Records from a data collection
☆ ☆ ☆
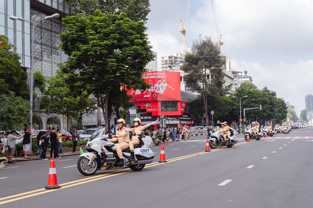 Hiện, ngoài diễn tập chống khủng bố, bảo vệ yếu nhân, lực lượng cảnh sát còn biểu diễn lái môtô phân khối lớn.
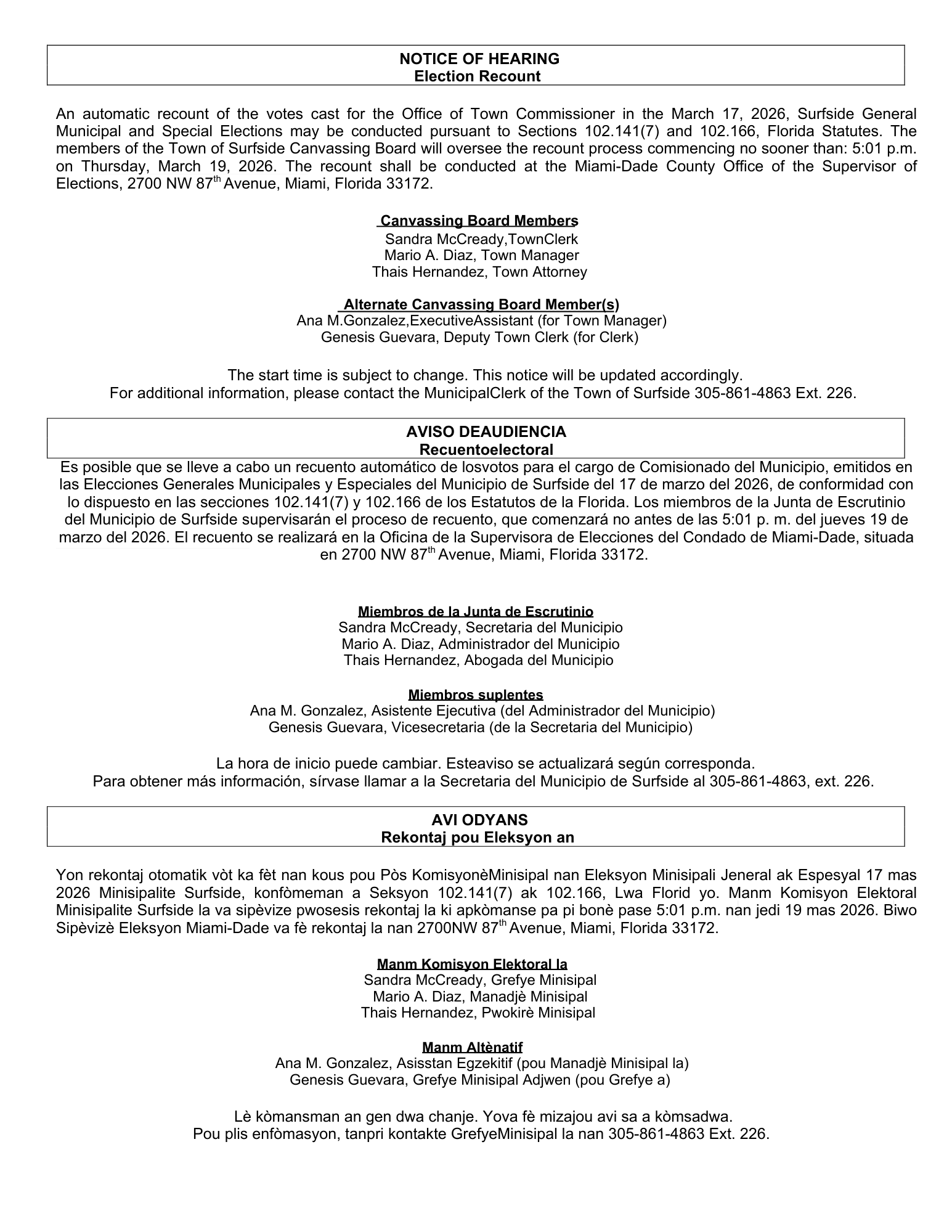 Miami-Dade County Supervisor of Elections Issues Notice of Automatic Recount
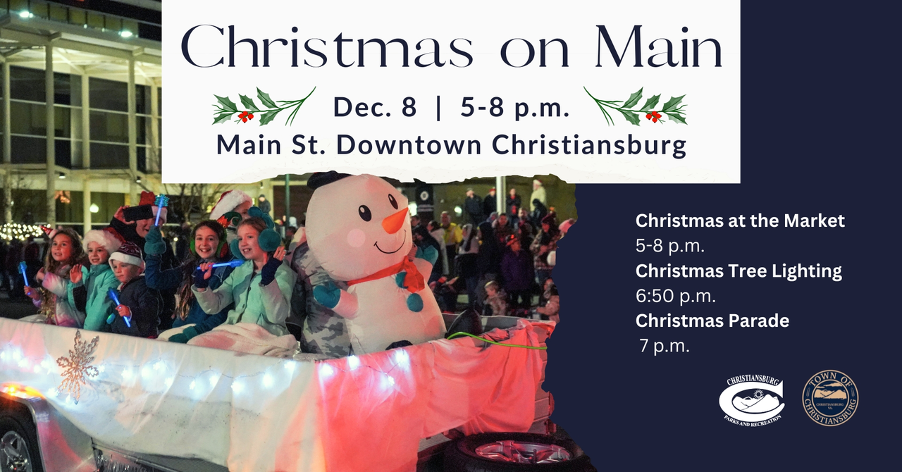 The Town of Christiansburg presents their annual Christmas on Main on Friday, December 9, 2022 at various locations in downtown Christiansburg, VA.
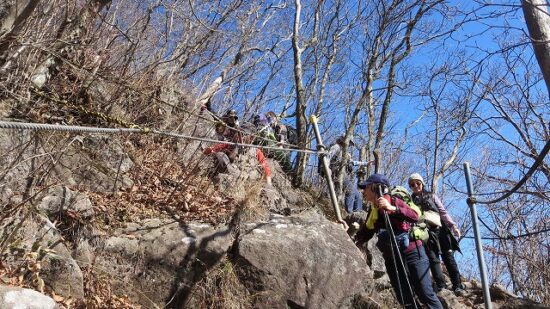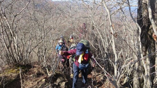 加藤様。忘年山行には大変お世話になりました。両山共に、あのように歩きづらいとは思いませんでした。榛名富士上りはロープウェイ組に分かれて登りました。下山は傾斜と荒れた道に時間を取られました。反省点はロープウェイ組を早く下山させるべきでした。水沢山は、電波塔過ぎたあたりから傾斜もきつく細くなりましたが、補助ロープに助かりました。水沢観音で時間を取れなかったのは残念でした。好天気と展望。緊張感のあるコース。適度な距離は良かった思いました。加藤様にはもの足りなかったと思います。一方、忘年山行はもう少し軽くと言う声もありました。結果として、怪我等トラブルなく終えられて感謝です。ホットした後のビールと水沢うどんの食感も良かったと思います。お世話になりました。また、ありがとうございました。佐々木保
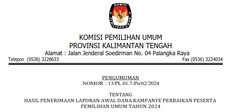 Komisi Pemilihan Umum Provinsi Kalimantan Tengah mengumumkan Hasil Penerimaan Laporan Awal Dana Kampanye Peserta Pemilihan Umum Tahun 2024 Calon Anggota Dewan Perwakilan Daerah (DPD). Untuk informasi lebih lengkap, KLIK DI SINI.
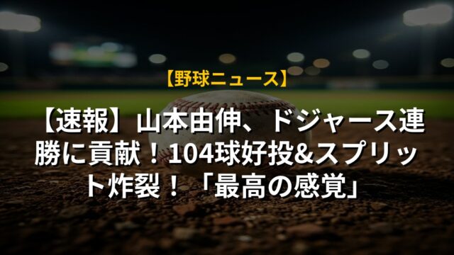 【速報】山本由伸、ドジャース連勝に貢献!104球好投&スプリット炸裂!「最高の感覚」
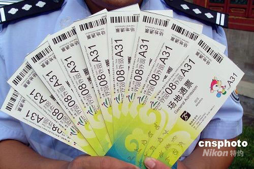 近日,北京海淀警方抓獲一向游客高價倒賣殘奧會門票的違法行為人王某,收繳鳥巢殘奧會田徑比賽通票10張。此案目前正在進(jìn)一步審理中。中新社發(fā) 海宣 攝
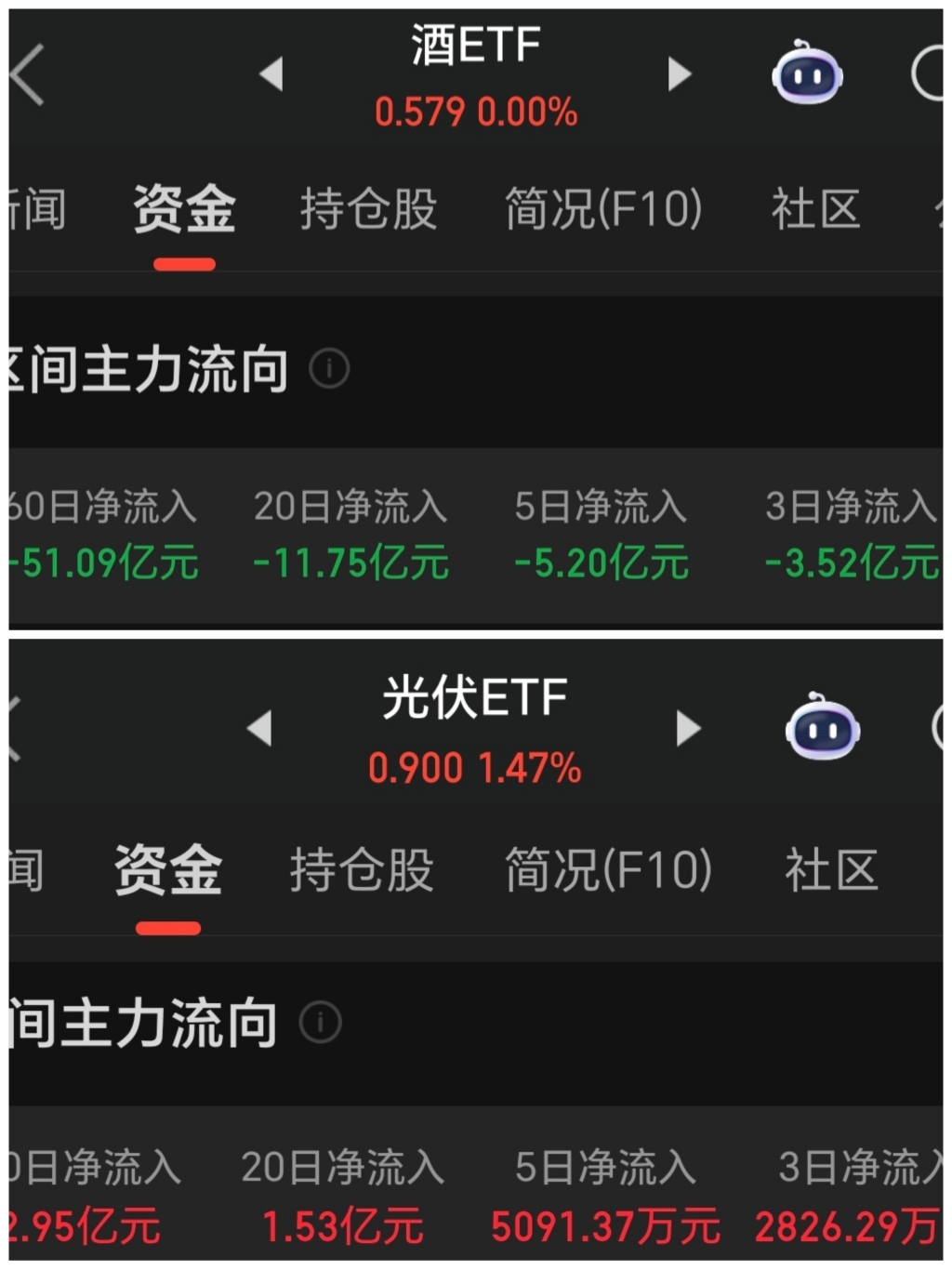 $酒ETF(SH512690)$ 没有资金关注的票还是少碰,那些资金流进/流出肯定有他的原因。想拿个几年扛的住亏损的现在可以买点底仓,千万别满仓心态就会好点,迟早有一天风水会轮流转,想短期内大涨白酒是不可能的,至少主力资金都在流出。以下图谨做参考!
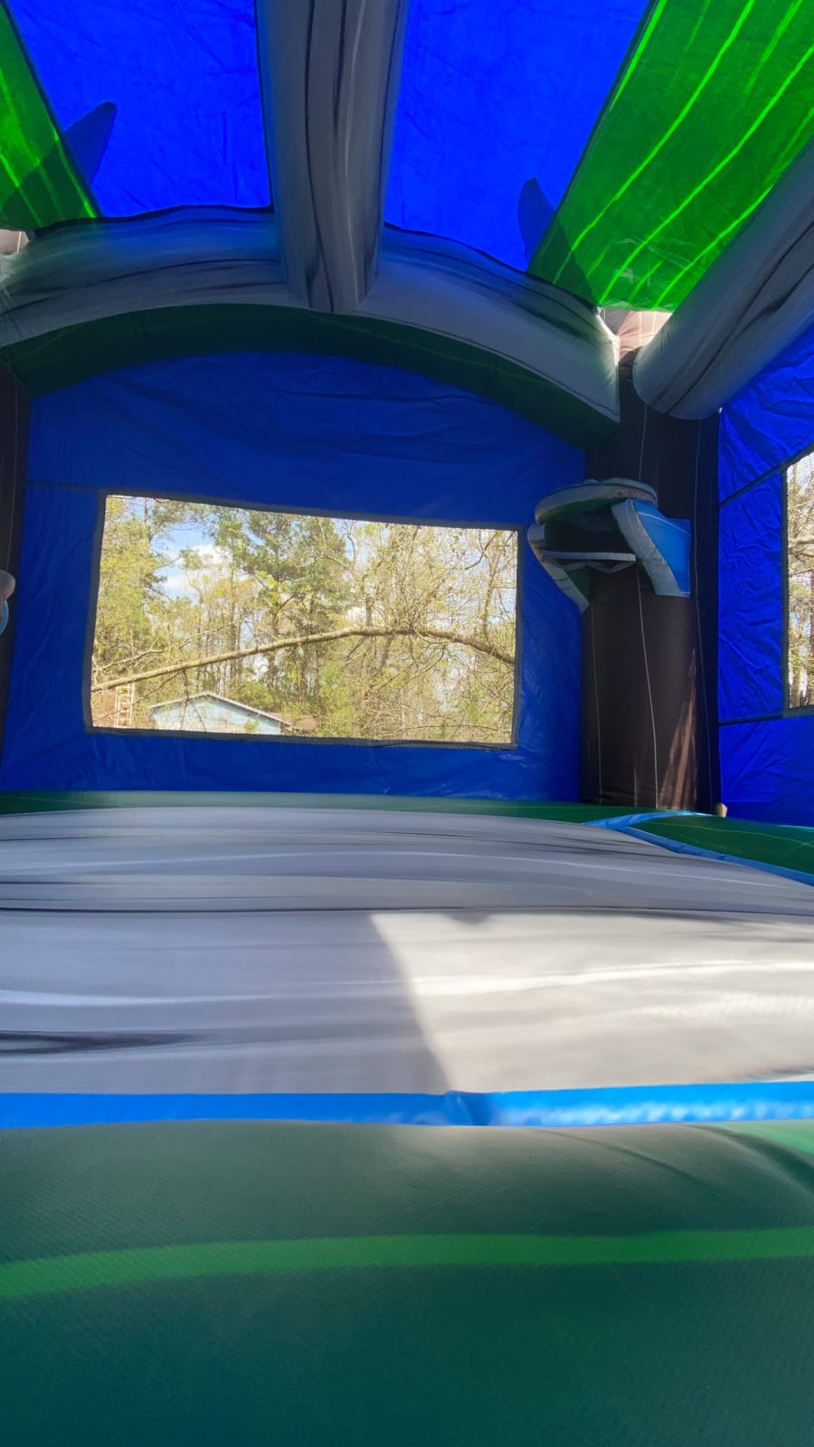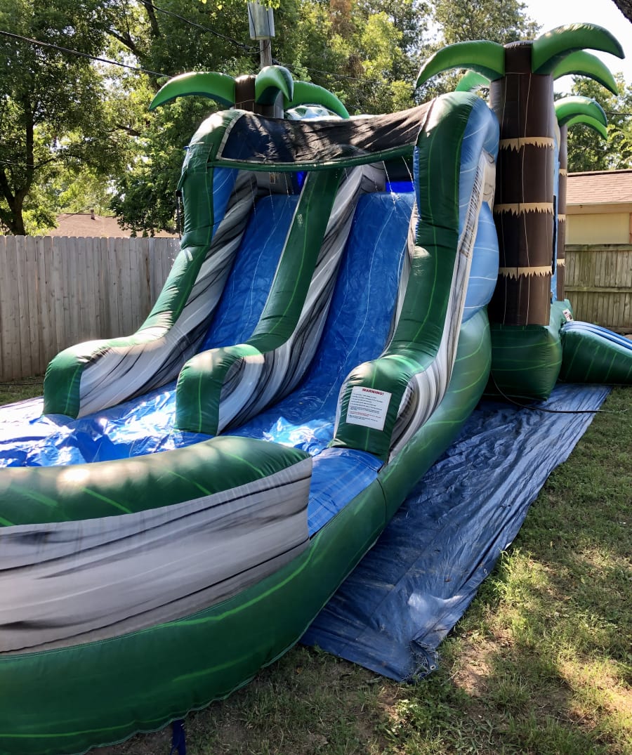 Tropical Jungle Combo includes a Large 15 x 15 Bounce House Combo, Basketball Hoop with Ball, and Dual Lane Water-Slide/ Dry-Slide.
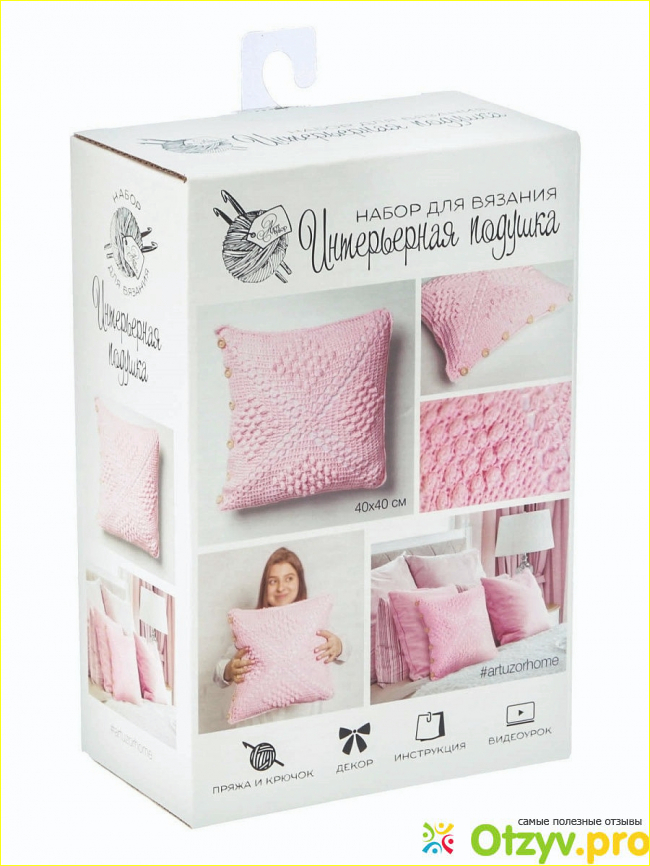 Недавно я приобрела набор для взяания интереьерной подушки от производителя Арт узор. Это розовая подушечка размером 40*40 см. Нить акриловая, также в комплектации есть крючок, игла и пуговицы для декорирования. Производитель заявляет о том, что нить гипоаллергенная, а это значит, что изделие подойдет для детской комнаты, в особенности для девочек. Я планировала использовать подушечку для светлого дивана. И конечно с большим предвкушением начинала знакомиться с работой.
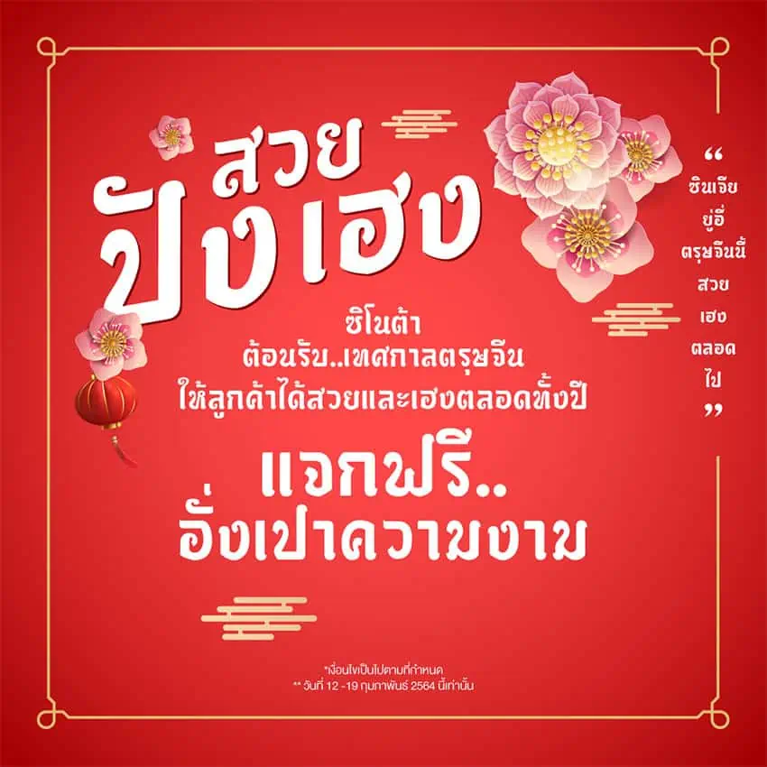 สวย! ปัง! เฮง! แจกฟรี..อั่งเปาความงาม ซิโนต้าต้อนรับเทศกาลตรุษจีน ให้ลูกค้าได้สวย และเฮงตลอดทั้งปี “ซินเจีย ยู่อี่ ตรุษจีนนี้ สวย เฮง ตลอดไป”
☆ ☆ ☆
What needs to be done - Exact copy, no pictures. Write out the lines in the entries above, starting with the line with "Miami-Dade County Supervisor" and going on through the line with "Tropical Jungle Combo", keeping both.

Solution to this problem -
 Miami-Dade County Supervisor of Elections Issues Notice of Automatic Recount
 The Town of Christiansburg presents their annual Christmas on Main on Friday, December 9, 2022 at various locations in downtown Christiansburg, VA.
 加藤様。忘年山行には大変お世話になりました。両山共に、あのように歩きづらいとは思いませんでした。榛名富士上りはロープウェイ組に分かれて登りました。下山は傾斜と荒れた道に時間を取られました。反省点はロープウェイ組を早く下山させるべきでした。水沢山は、電波塔過ぎたあたりから傾斜もきつく細くなりましたが、補助ロープに助かりました。水沢観音で時間を取れなかったのは残念でした。好天気と展望。緊張感のあるコース。適度な距離は良かった思いました。加藤様にはもの足りなかったと思います。一方、忘年山行はもう少し軽くと言う声もありました。結果として、怪我等トラブルなく終えられて感謝です。ホットした後のビールと水沢うどんの食感も良かったと思います。お世話になりました。また、ありがとうございました。佐々木保
 Komisi Pemilihan Umum Provinsi Kalimantan Tengah mengumumkan Hasil Penerimaan Laporan Awal Dana Kampanye Peserta Pemilihan Umum Tahun 2024 Calon Anggota Dewan Perwakilan Daerah (DPD). Untuk informasi lebih lengkap, KLIK DI SINI.
 【速報】山本由伸、ドジャース連勝に貢献!104球好投&スプリット炸裂!「最高の感覚」
 近日,北京海淀警方抓獲一向游客高價倒賣殘奧會門票的違法行為人王某,收繳鳥巢殘奧會田徑比賽通票10張。此案目前正在進(jìn)一步審理中。中新社發(fā) 海宣 攝
 $酒ETF(SH512690)$ 没有资金关注的票还是少碰,那些资金流进/流出肯定有他的原因。想拿个几年扛的住亏损的现在可以买点底仓,千万别满仓心态就会好点,迟早有一天风水会轮流转,想短期内大涨白酒是不可能的,至少主力资金都在流出。以下图谨做参考!
 Tropical Jungle Combo includes a Large 15 x 15 Bounce House Combo, Basketball Hoop with Ball, and Dual Lane Water-Slide/ Dry-Slide.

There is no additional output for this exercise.